─── AVAILABLE DATA

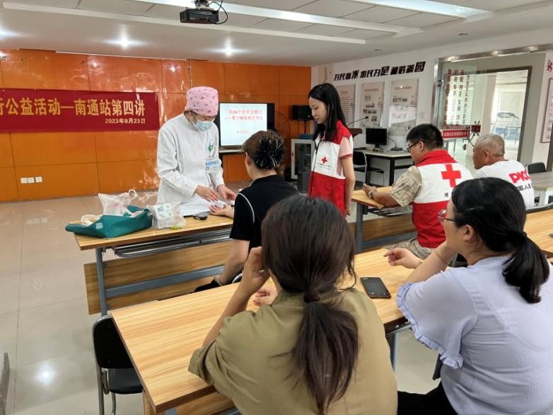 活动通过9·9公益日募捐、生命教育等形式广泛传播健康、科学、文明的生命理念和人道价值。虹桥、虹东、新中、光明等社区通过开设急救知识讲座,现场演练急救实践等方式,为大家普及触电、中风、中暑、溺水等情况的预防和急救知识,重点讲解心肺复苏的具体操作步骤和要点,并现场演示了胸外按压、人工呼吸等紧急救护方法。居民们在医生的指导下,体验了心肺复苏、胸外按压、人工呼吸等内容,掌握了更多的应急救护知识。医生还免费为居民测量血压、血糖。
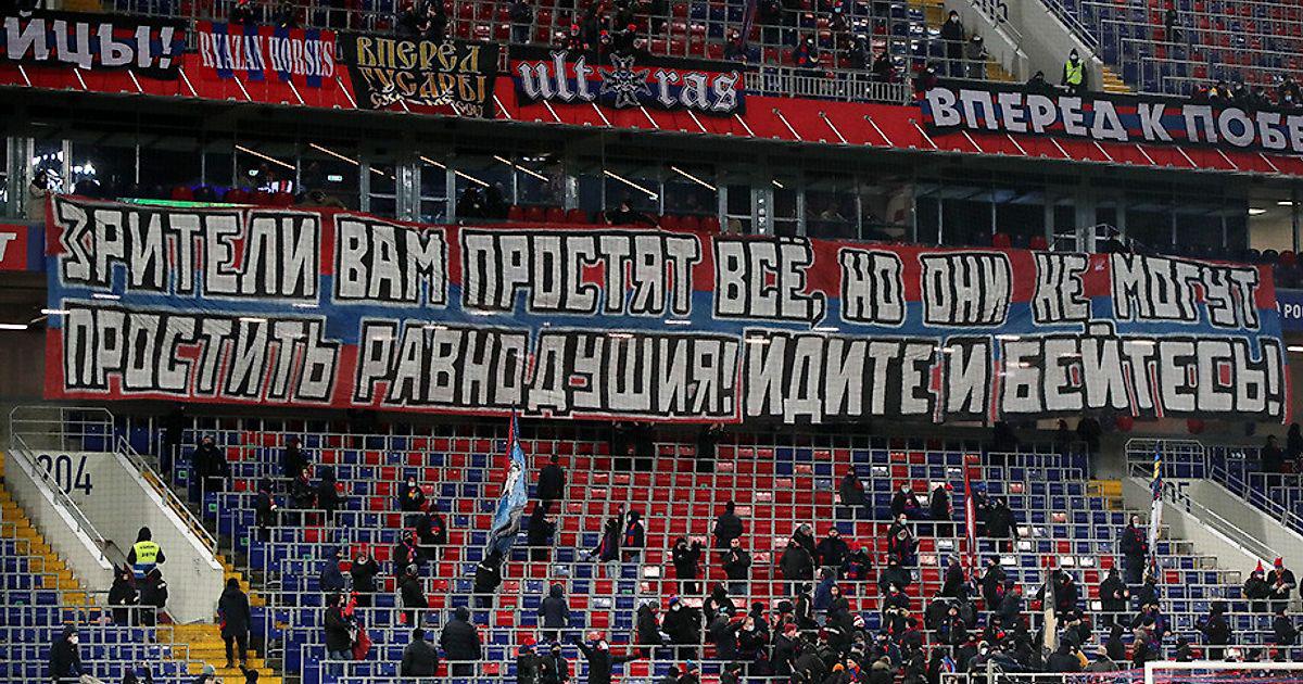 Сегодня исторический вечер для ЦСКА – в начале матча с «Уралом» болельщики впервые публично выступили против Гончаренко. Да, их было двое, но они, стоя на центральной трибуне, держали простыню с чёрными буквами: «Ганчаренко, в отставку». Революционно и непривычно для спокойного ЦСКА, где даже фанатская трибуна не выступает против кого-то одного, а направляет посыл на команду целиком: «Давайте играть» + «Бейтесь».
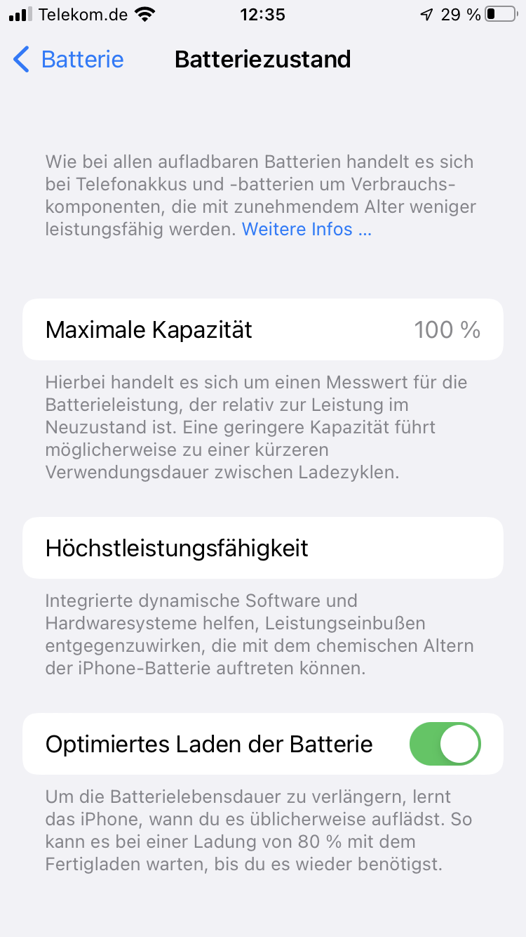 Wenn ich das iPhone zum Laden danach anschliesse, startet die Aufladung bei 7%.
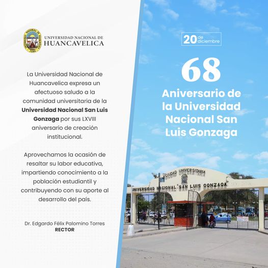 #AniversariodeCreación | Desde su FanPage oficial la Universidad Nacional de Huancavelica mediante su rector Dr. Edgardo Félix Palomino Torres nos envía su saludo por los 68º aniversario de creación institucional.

──────

* **PROBLEM TO WORK ON**
When you reach the line that contains "Wenn ich das", start copying the listing word for word and stop only after its last line, without any pictures.

* **EXPECTED OUTPUT**
 Wenn ich das iPhone zum Laden danach anschliesse, startet die Aufladung bei 7%.
 #AniversariodeCreación | Desde su FanPage oficial la Universidad Nacional de Huancavelica mediante su rector Dr. Edgardo Félix Palomino Torres nos envía su saludo por los 68º aniversario de creación institucional.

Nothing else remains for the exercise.